By the time I saw the blood-red gravel strewn across the thrust stage at Southwark Playhouse I already knew the premise of Angus Cerini’s The Bleeding Tree. But had I not, this simple, but deeply impactful, set piece would have been a good indication of the macabre events that were about to unfold writes Caitlin Odell.

Bar a distressed grey backdrop and three wooden crates sitting on the gritty floor there was very little else in Jasmine Swan’s decidedly sparse set. But this is a great example of when less is more, because aside from being visually dramatic, and perhaps indicative of the domestic landscape in which our protagonists live, any more may have risked detracting from their captivating, larger-than-life performances. 

Image by Lidia Crisafull

As the lights come up, we are immediately made complicit in a murder, as a weary mother (Maria Gale), who is also a victim of longstanding domestic abuse, stands over the body of her husband. With her two daughters Ida (Elizabeth Dulau and Ada (Alexandra Jensen) at either side, they all stare at the empty space where the corpse is supposed to lie, frantically disputing what is to be done next.  

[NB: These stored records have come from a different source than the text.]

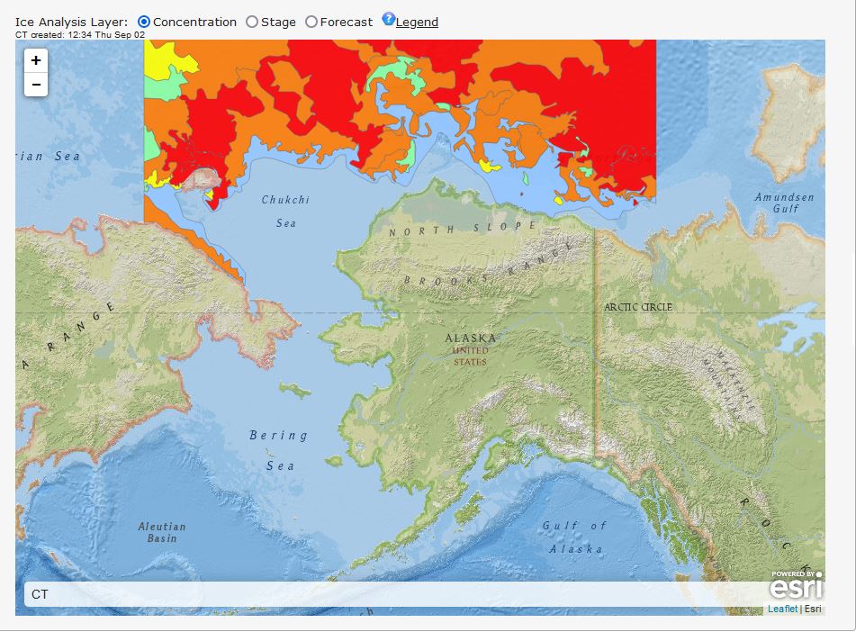 In 2019, there was virtually no ice left in the Chukchi Sea at the end of August:
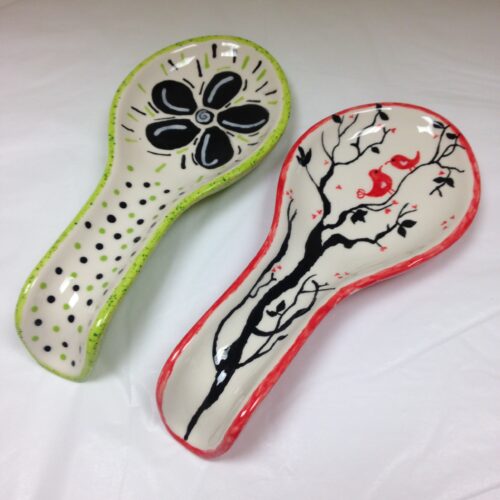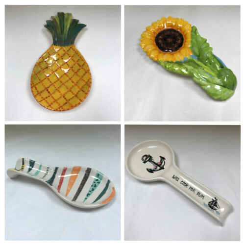 In this post we want to highlight the very useful spoon rest. That interesting dish that sits on the worktop and dutifully holds onto the spoons whilst you are busy mixing and stirring. We have several sizes and shapes and the design possibilities are endless. Choose colours that fit with your kitchen or go bold and stylised that choice is yours.
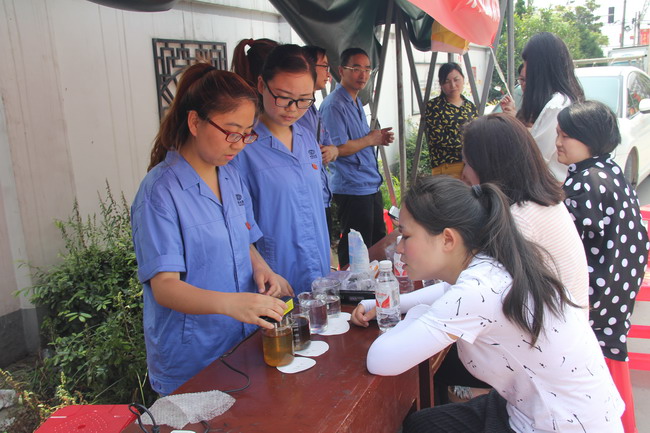 根據(jù)群眾反應(yīng),市場(chǎng)上有些不良商家推銷凈水器時(shí)說:“經(jīng)科學(xué)儀器現(xiàn)場(chǎng)檢測(cè),自來(lái)水不干凈,長(zhǎng)期飲用會(huì)致病”、“自來(lái)水有雜質(zhì)……”這些聳人聽聞的話,加上售賣人員所呈現(xiàn)的實(shí)驗(yàn)顯示,自來(lái)水中會(huì)產(chǎn)生褐色、墨綠色絮狀物,讓很多居民對(duì)自來(lái)水產(chǎn)生了畏懼感。在黨支部書記劉薇和黨小組組長(zhǎng)羅傳斌的帶領(lǐng)下,小組成員為居民現(xiàn)場(chǎng)答疑解惑,宣講水質(zhì)相關(guān)知識(shí),現(xiàn)場(chǎng)解釋這些褐色、墨綠色絮狀物其實(shí)并非是自來(lái)水中的雜質(zhì),而是水中金屬離子電解反應(yīng)后的生成物,是普通的電化學(xué)反應(yīng)。
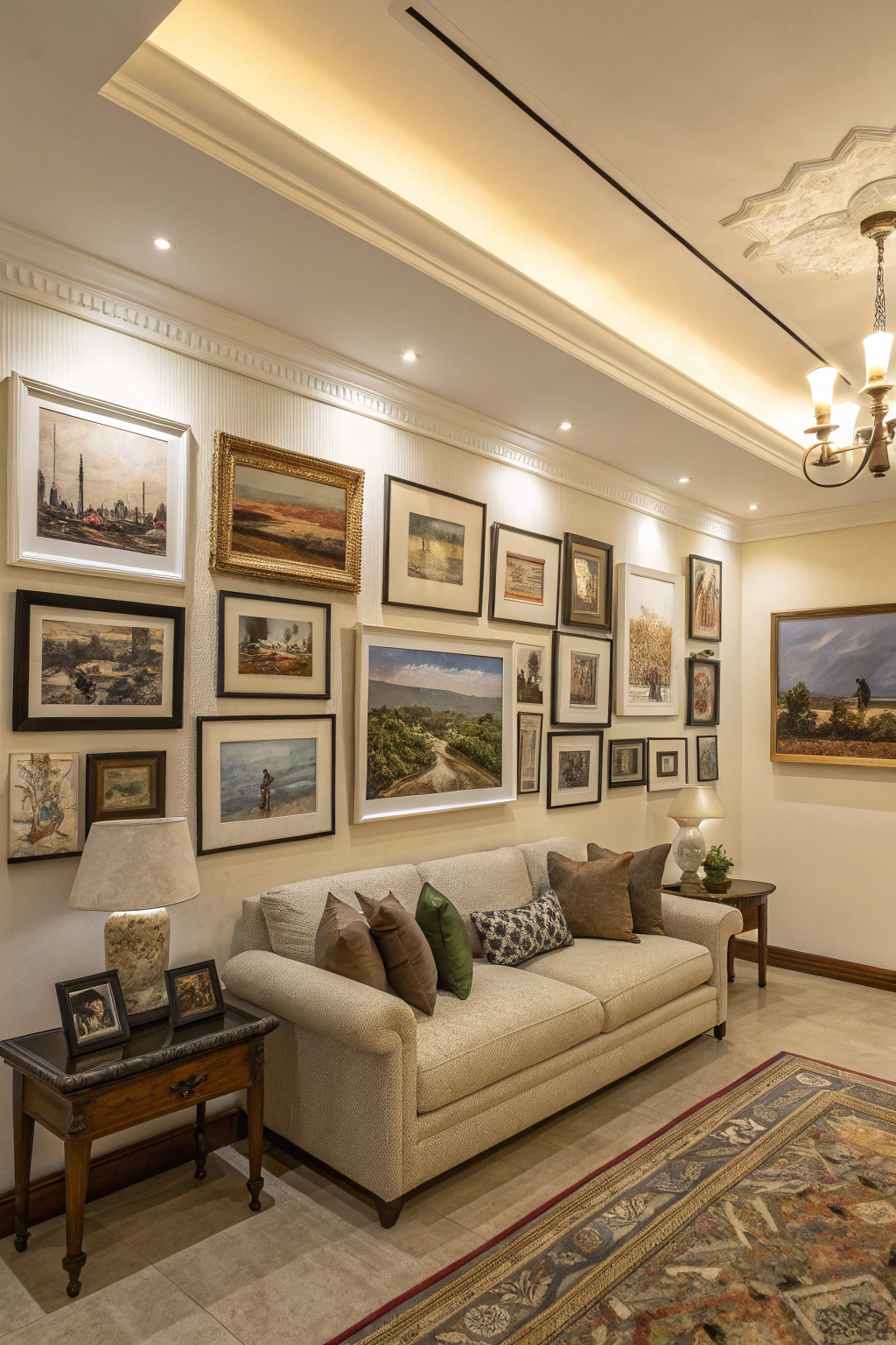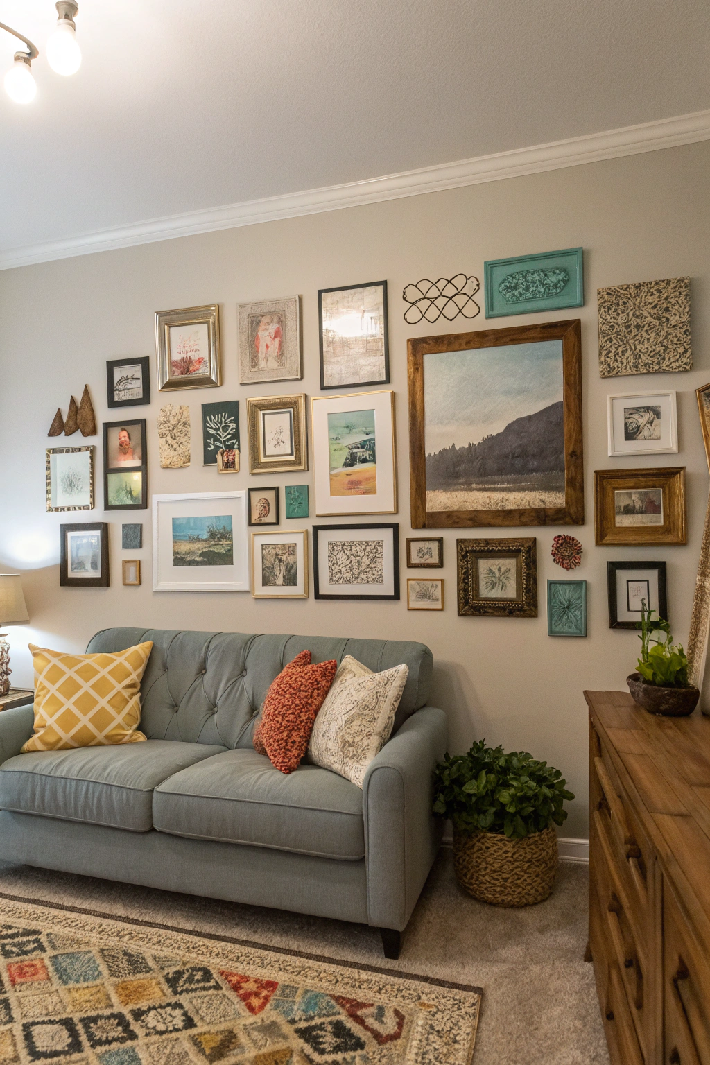 - Gallery wall with mixed frames
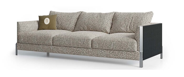A metal detail, which in the particular 45 ° cut rises from the foot and becomes the frame of the armrest, enhances the design of the sofa: a clear and defined sign that outlines the structure in an extremely original and recognizable way.

One of the play’s most defining features is the dialogue, which is almost lyrical in style. The three women deliver short, staccato lines, often interjecting to finish each other’s, which has the double effect of building tension whilst adding an element of dark humour. Instead of feeling sensationalist, their morbid fascination and fixation on the gruesome details of the incident (such as the gaping wound in the deceased’s neck), feels more like a nod to their humanness.  

But from the dialogue to the stage direction, everything that unfolds from thereon after does so with timing so airtight that a synergy is formed between this dynamic trio. As the only cast members, they take it in turns to seamlessly morph into other characters, to depict vignettes, fraught with tension and humour, of unwanted visitation from prying members of the community. And it’s the unexpected turns of events in these visits that change the course of the narrative entirely. 

But despite offering an uplifting alternative to what feels like a sealed fate, it is far from a neat resolution. This reclaimed story of domestic abuse urges by-standing communities to take the opportunity for redemption, by offering their support before the situation escalates irreparably.  Southwark Playhouse Borough until June 22nd. Admission: £22, £18.